[Dataset excerpts]
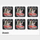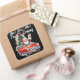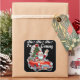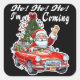 This sticker features Santa Claus driving a classic red convertible car loaded with a decorated Christmas tree and gifts. He is waving from the car, which is set against a solid black background. The text "Ho! Ho! Ho! I'm Coming" is prominently displayed. The design may look real due to the high detail and three-dimensional texture in the artwork.
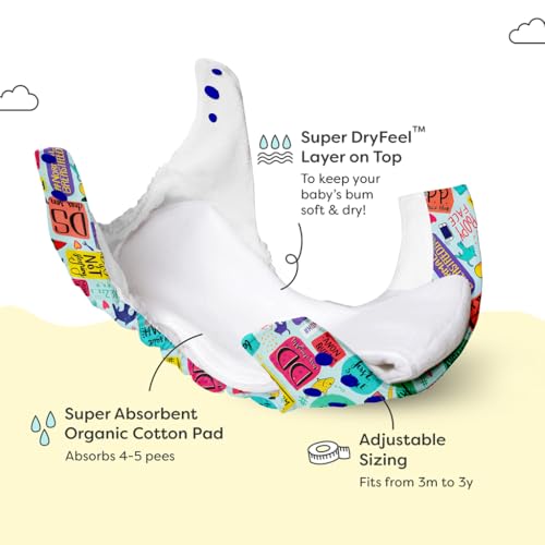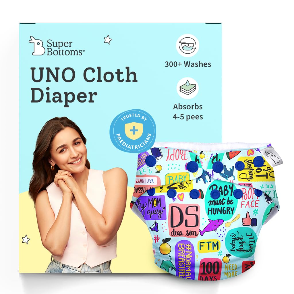 HomeBabyDiaperingCloth DiapersSuperBottoms UNO Freesize Cloth Diaper with Extra Booster | Pack of 2 (1 Waterproof Outer + 1 Organic Cotton Dry Feel Magic) Cloth diaper for babies 0 to 3 years | Washable & Reusable cloth diaper | Comes with cloth diaper inserts |(Mommy Talk)
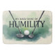 Golf bathroom bathmat. This design features two crossed golf clubs with a golf ball positioned between them, set against a green watercolor-like splash background. The text "MY DAILY DOSE OF HUMILITY" adds a humourous touch, making this bathmat perfect for golf enthusiasts. Ideal for golfers, sports lovers, and anyone with a sense of humour, this modern and funny design adds a playful touch to any bathroom. It makes a great gift for birthdays, holidays, or just because. The green background and golf-themed elements create a fun and inviting atmosphere, making it a unique addition to your bathroom decor.
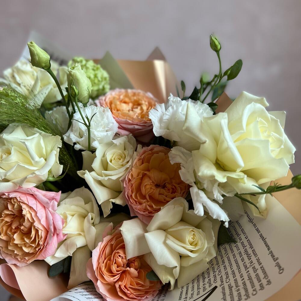 Вибурнум – 1 шт.Паникум – 1 шт.Лизиантус – 1 шт.Пионовидная кустовая роза – 1 шт.Роза одноголовая – 5 шт.Эвкалипт – 1 шт.декоративная упаковка – 1 шт.Атласная лента – 1 шт.
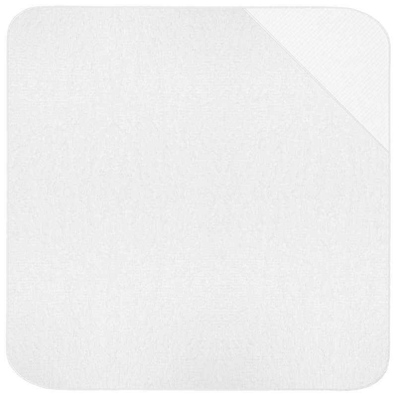 2*Capa de baño grande: medidas 110x100 cms En una esquina sistema de sujeción, para que puedas colocar la toalla alrededor de tu cuello y así tener las manos libres para coger a tu bebé con tranquilidad.
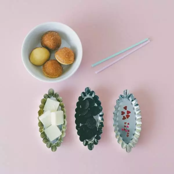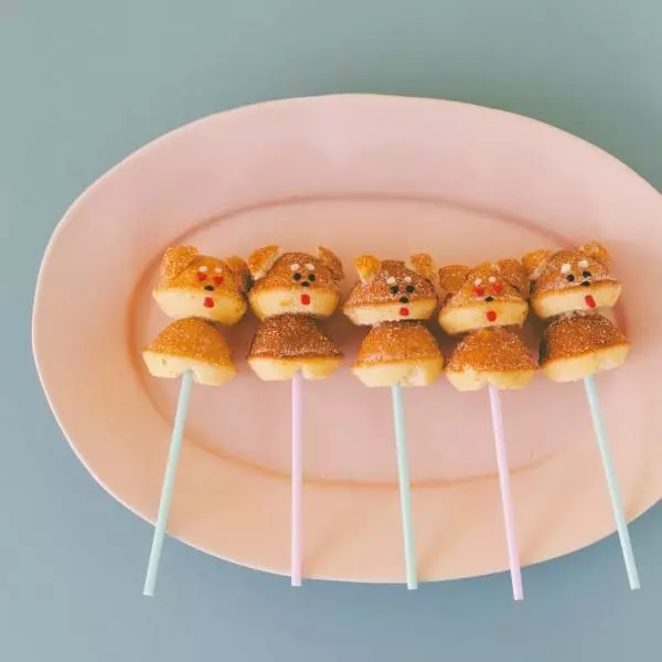 ひと口サイズの鈴カステラが愛くるしい柴犬に変身! カラフルな棒に刺して、ロリポップ風にすると子どもも喜ぶこと間違いなし。柴犬の目をハートに代えれば、バレンタイン仕様になってラブリーな印象に。たくさんつくってバレンタインを盛り上げて!
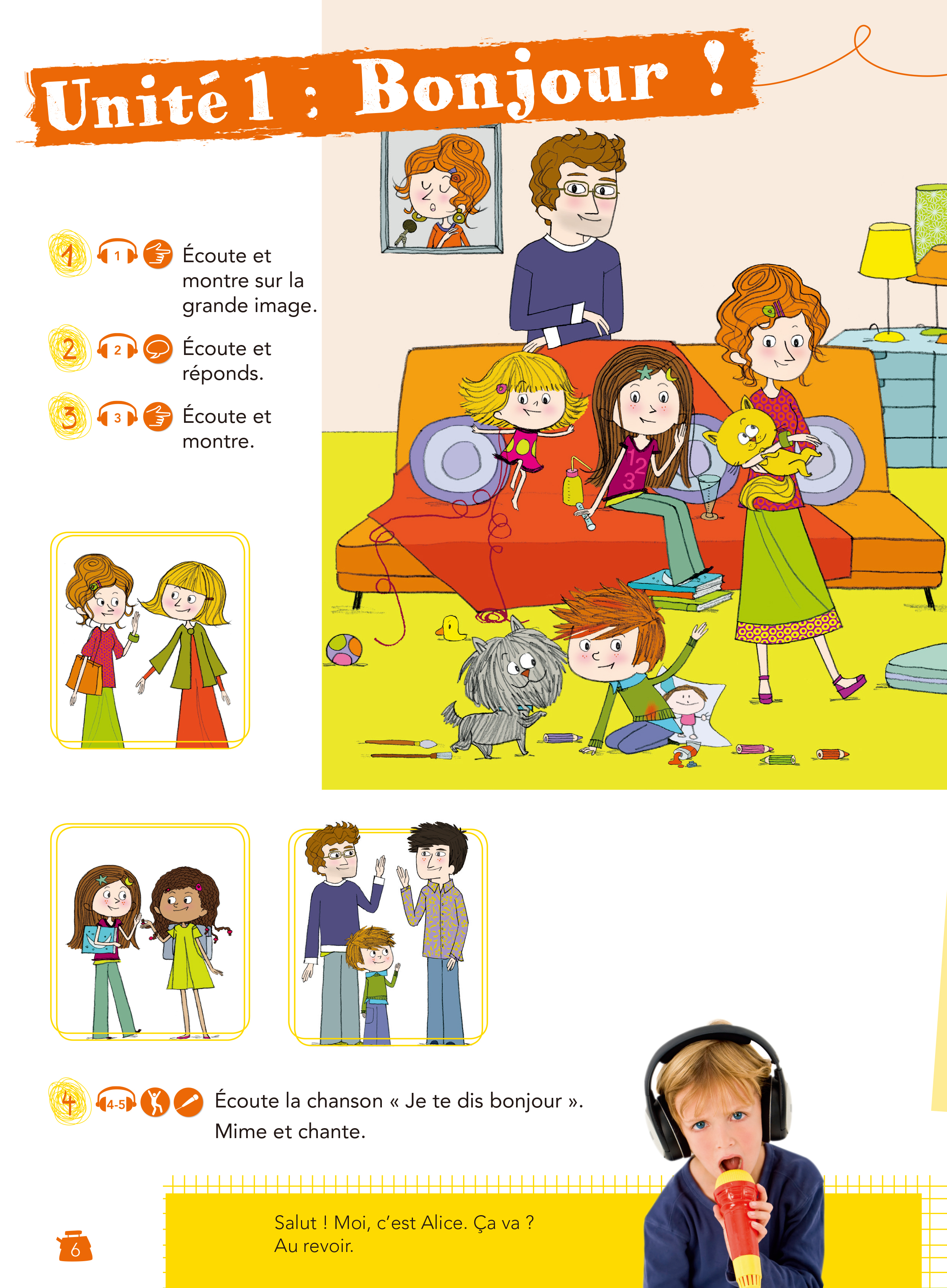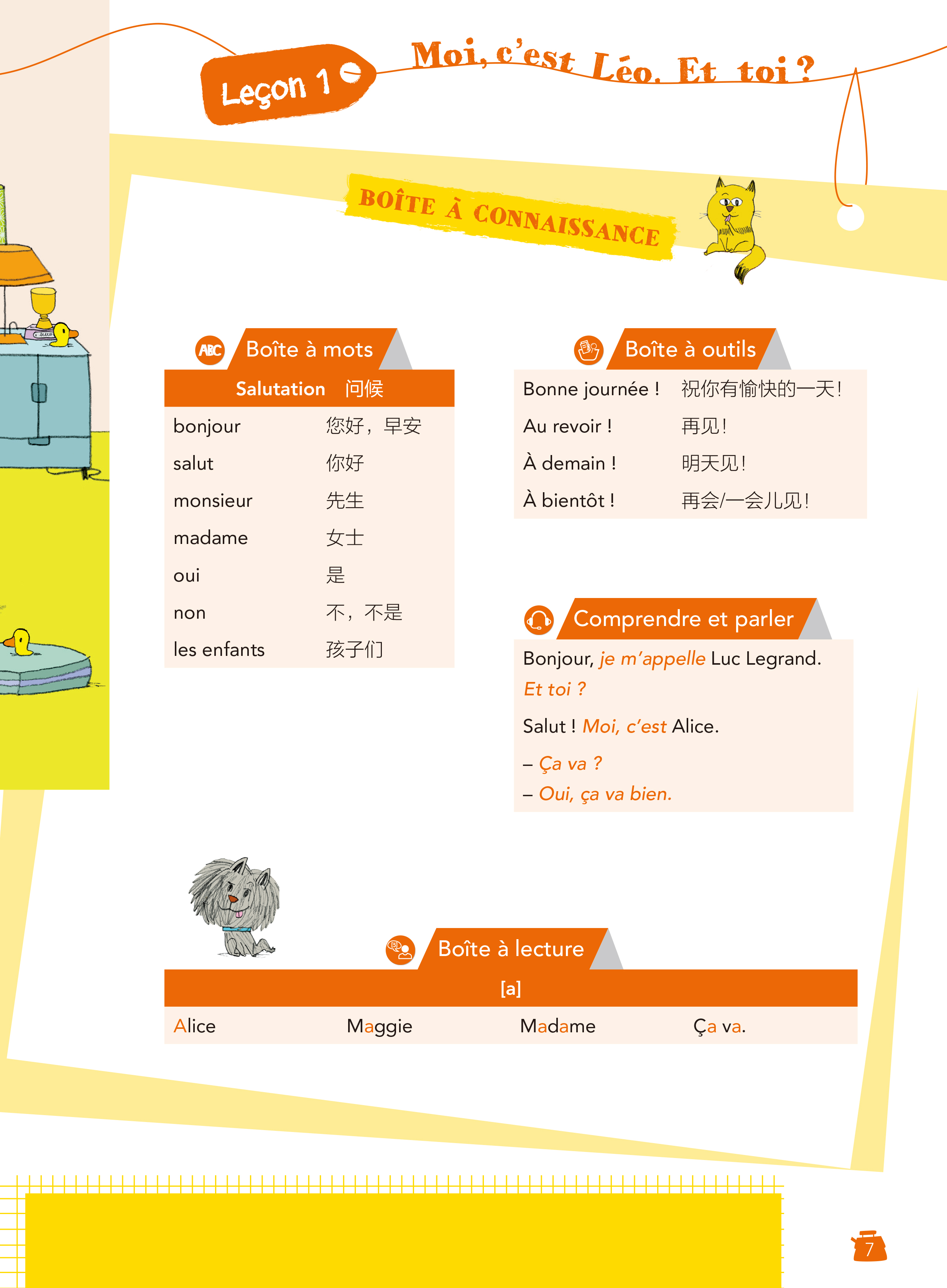 《新少儿法语1学生用书A1.1》包含6个单元,每个单元包含5课和2个文化信息页,另外还有3个游戏页(remue-ménage)、3个主要节日介绍、歌谣、诗歌。教材在原版学生用书的基础上进行了完善和补充:每课增加Boîtes à connaissance(知识总览),分为Boîte à mots(单词盒子)、Boîte à outils(知识盒子)、Comprendre et parler(听说盒子)及Boîte à lecture(拼读盒子)四个模块,各模块侧重培养不同的语言技能,可为学生、家长、教师提供直观可用的教学辅助工具。知识总览亦可作为学生课前预习、课后复习、兴趣自学的辅助参考。

TASK OBJECTIVE:
Reproduce the span beginning at the line with "2*Capa de baño" and ending at the last line of the entries above, inclusive, exactly as it stands. Exclude the pictures.

SOLVED PROBLEM:
 2*Capa de baño grande: medidas 110x100 cms En una esquina sistema de sujeción, para que puedas colocar la toalla alrededor de tu cuello y así tener las manos libres para coger a tu bebé con tranquilidad.
 ひと口サイズの鈴カステラが愛くるしい柴犬に変身! カラフルな棒に刺して、ロリポップ風にすると子どもも喜ぶこと間違いなし。柴犬の目をハートに代えれば、バレンタイン仕様になってラブリーな印象に。たくさんつくってバレンタインを盛り上げて!
 《新少儿法语1学生用书A1.1》包含6个单元,每个单元包含5课和2个文化信息页,另外还有3个游戏页(remue-ménage)、3个主要节日介绍、歌谣、诗歌。教材在原版学生用书的基础上进行了完善和补充:每课增加Boîtes à connaissance(知识总览),分为Boîte à mots(单词盒子)、Boîte à outils(知识盒子)、Comprendre et parler(听说盒子)及Boîte à lecture(拼读盒子)四个模块,各模块侧重培养不同的语言技能,可为学生、家长、教师提供直观可用的教学辅助工具。知识总览亦可作为学生课前预习、课后复习、兴趣自学的辅助参考。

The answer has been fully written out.